## COLLECTED MATERIAL
-=-=-=-=-
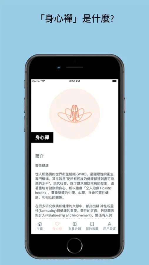 「身心禪」是為所有人設計的身心運動(mind body meditation),內容包括一系列的心理健康教育和靜修練習,可以促進身心健康,優化情緒,提升生命價值和改善人際關係。「身心襌」的特點是身心並重的運動,身心禪的心法是修身可以調心,養性可以養生。整套運動包括「每日一事」、「靜修運動」和「全心運動」。「每日一事」是利用日常的行為訓練,來轉化自己的壞習慣。「靜修運動」是在行住坐卧中習禪。
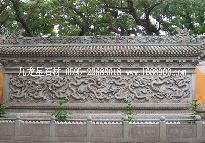 九龍壁:在法雨寺天王殿對面照墻處,1988年由溫嶺縣長嶼鎮(zhèn)民間石雕工匠梁宗濤等人用質(zhì)地優(yōu)良的青石板精雕細(xì)刻而成。它是仿照北京故宮九龍壁,卻又不同于故宮、大同等地的陶制九龍壁。法雨寺九龍壁是用60塊70厘米見方的優(yōu)質(zhì)青石,精雕細(xì)鑿,拼接而成。有的石板上是半個龍頭,有的石板上是一只龍角,有的石板上是一只龍爪,拼接起來竟然不露縫隙,像是在一塊青石上雕刻而成。這不僅有濃厚的刀味,石趣,更顯示了民間雕匠的高超工藝。此座九龍壁高2米,長12米,浮雕凸出16厘米。九條青龍騰飛于云山碧海之間,盤旋翻滾,爭奪龍珠,造型逼真,栩栩如生,富有立體感。而在梁與梁之間還雕有十七條造型各異的小龍,昂首舞爪,十分生動,更使這九龍壁群龍盤舞,似有龍將破壁,呼之欲出之感。此壁于1987年由香港同胞捐建。壁的東側(cè)還立有《新建九龍壁功德碑》,碑文曰:“法雨寺原有照壁,前有石牌檔,以條石和塊石為之?!虻鬲M樹大不相稱,始新建九龍壁,取龍?zhí)鞊碜o(hù)之說,且又與九龍殿相對稱,”云云。
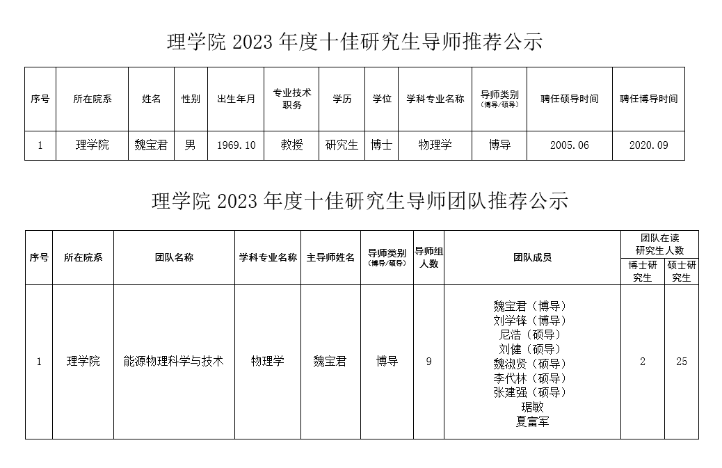 太阳成集团tyc97282023度十佳研究生导师和十佳研究生导师团队推荐公示
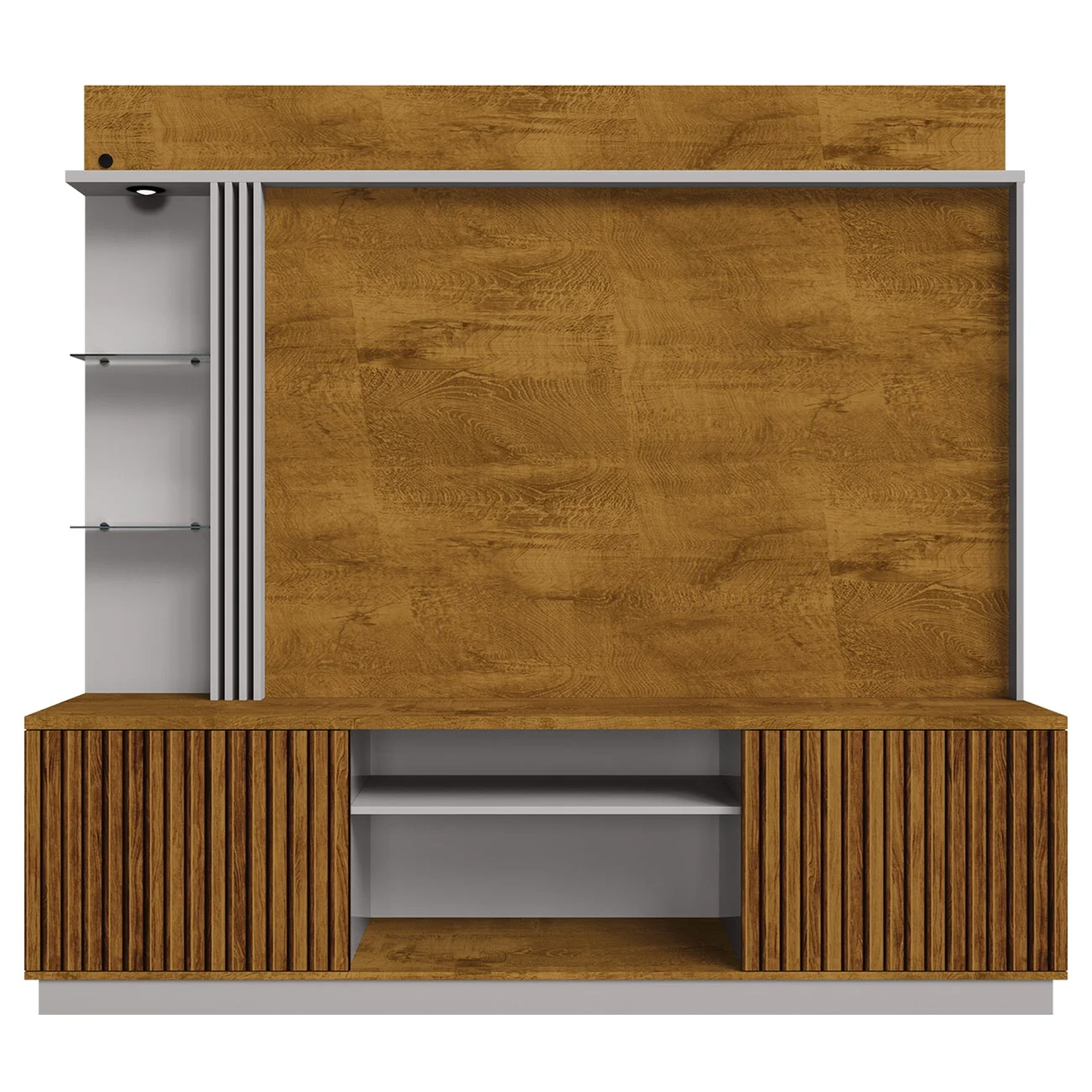 No centro do painel, os nichos abertos oferecem espaço prático para acomodar itens de uso frequente ou objetos decorativos contribuindo com a harmonia visual da Estante Para Sala.
-=-=-=-=-
## EXERCISE OBJECTIVE
Only the lines from the line with "九龍壁:在法雨寺天王殿對面照" through the final line of the material belong in the answer, copied exactly and without pictures.

## OUTPUT
 九龍壁:在法雨寺天王殿對面照墻處,1988年由溫嶺縣長嶼鎮(zhèn)民間石雕工匠梁宗濤等人用質(zhì)地優(yōu)良的青石板精雕細(xì)刻而成。它是仿照北京故宮九龍壁,卻又不同于故宮、大同等地的陶制九龍壁。法雨寺九龍壁是用60塊70厘米見方的優(yōu)質(zhì)青石,精雕細(xì)鑿,拼接而成。有的石板上是半個龍頭,有的石板上是一只龍角,有的石板上是一只龍爪,拼接起來竟然不露縫隙,像是在一塊青石上雕刻而成。這不僅有濃厚的刀味,石趣,更顯示了民間雕匠的高超工藝。此座九龍壁高2米,長12米,浮雕凸出16厘米。九條青龍騰飛于云山碧海之間,盤旋翻滾,爭奪龍珠,造型逼真,栩栩如生,富有立體感。而在梁與梁之間還雕有十七條造型各異的小龍,昂首舞爪,十分生動,更使這九龍壁群龍盤舞,似有龍將破壁,呼之欲出之感。此壁于1987年由香港同胞捐建。壁的東側(cè)還立有《新建九龍壁功德碑》,碑文曰:“法雨寺原有照壁,前有石牌檔,以條石和塊石為之?!虻鬲M樹大不相稱,始新建九龍壁,取龍?zhí)鞊碜o(hù)之說,且又與九龍殿相對稱,”云云。
 太阳成集团tyc97282023度十佳研究生导师和十佳研究生导师团队推荐公示
 No centro do painel, os nichos abertos oferecem espaço prático para acomodar itens de uso frequente ou objetos decorativos contribuindo com a harmonia visual da Estante Para Sala.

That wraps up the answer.